# Busy HO scale 4x6 Layout



## spoil9 (Dec 24, 2008)

This track plan is now unneeded but I'd hate to just delete it so I'm posting it here for others to see that you can have a nice layout in a small space. This is based on the Gateway Central 4x6 layout that I modified to 4x6.5

The track plan was done in SCARM, and exported to a JPG.


----------



## spoil9 (Dec 24, 2008)

Oh, on the right side, the idea was that the road was going to go under the tracks so the red box to the left of the road is a retaining wall, and the "hill" in green on the right edge of the layout is actually an incline coming back up to track level.


----------



## Big Ed (Jun 16, 2009)

You quitting?

I tagged it.
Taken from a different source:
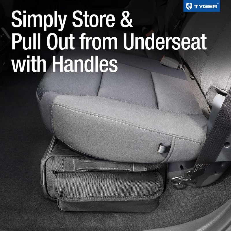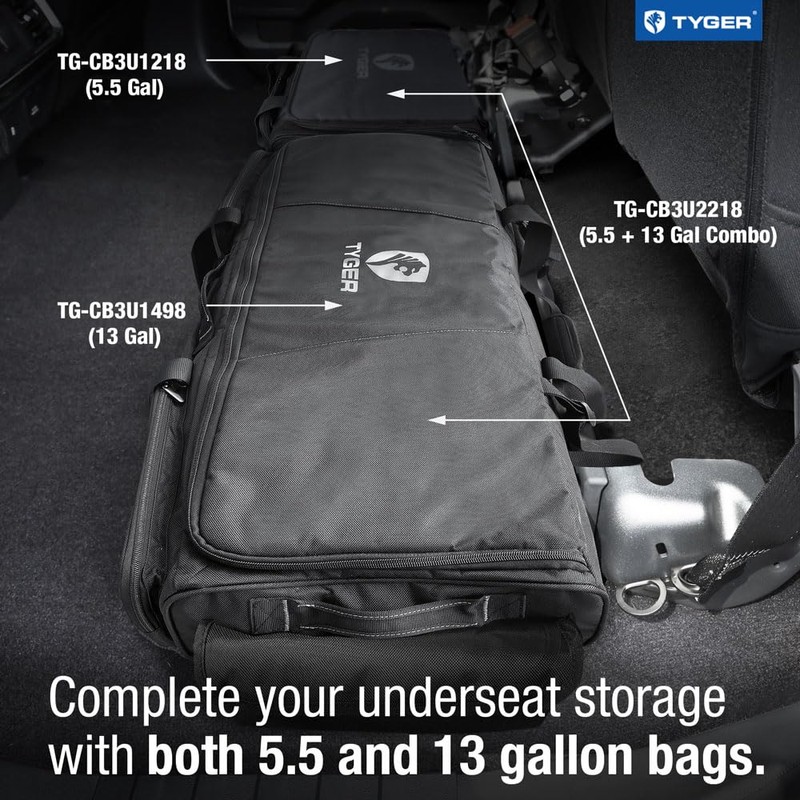 In need of a carry on storage solution for your full size pickup truck? Tyger's Underseat Cargo Bag combines the benefits of an underseat storage box and the convenience of a carry on luggage in one package. This bag is made with premium polyester and silky smooth zippers which provides water resistance and allows for easy cleaning. While tucked neatly underneath the rear seat of your full sized pick up, the cargo bag enables you to organize your belonging with the included dividers and pockets. Combine this 5.5 gallon model with and the larger 13 gallon model to cover the entire underseat space. Tyger Auto focus on developing premium aftermarket auto parts that meet or exceed OE quality standards.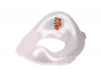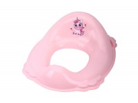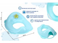 The child`s potty seat is reliably fixed to the “adult” toilet seat. Thanks to the rubberized inserts on the legs, it does not slip off the rim. Its rounded anatomical shapes provide comfort for babies. The thickened rounded rim along the contour means the absence of sharp edges and so the baby`s safety. You can carry and store the potty seat in the bath thanks to its big handle on the back.

Maybe someday someone will pick it up in a search.


----------



## spoil9 (Dec 24, 2008)

Far from quitting. I'm not only thinking and dreaming about trains on a daily basis, I'm looking into buying some trains/kits as an investment. 

This layout was designed for my folks because they were going to make a 4x6 layout in their den but my dad wants to have a loop of HO, and a loop of Lioinel so he can play with either/both as he chooses.


----------



## DonR (Oct 18, 2012)

It sure has some nice switching ideas that guys can incorporate in
their layouts.

Don


----------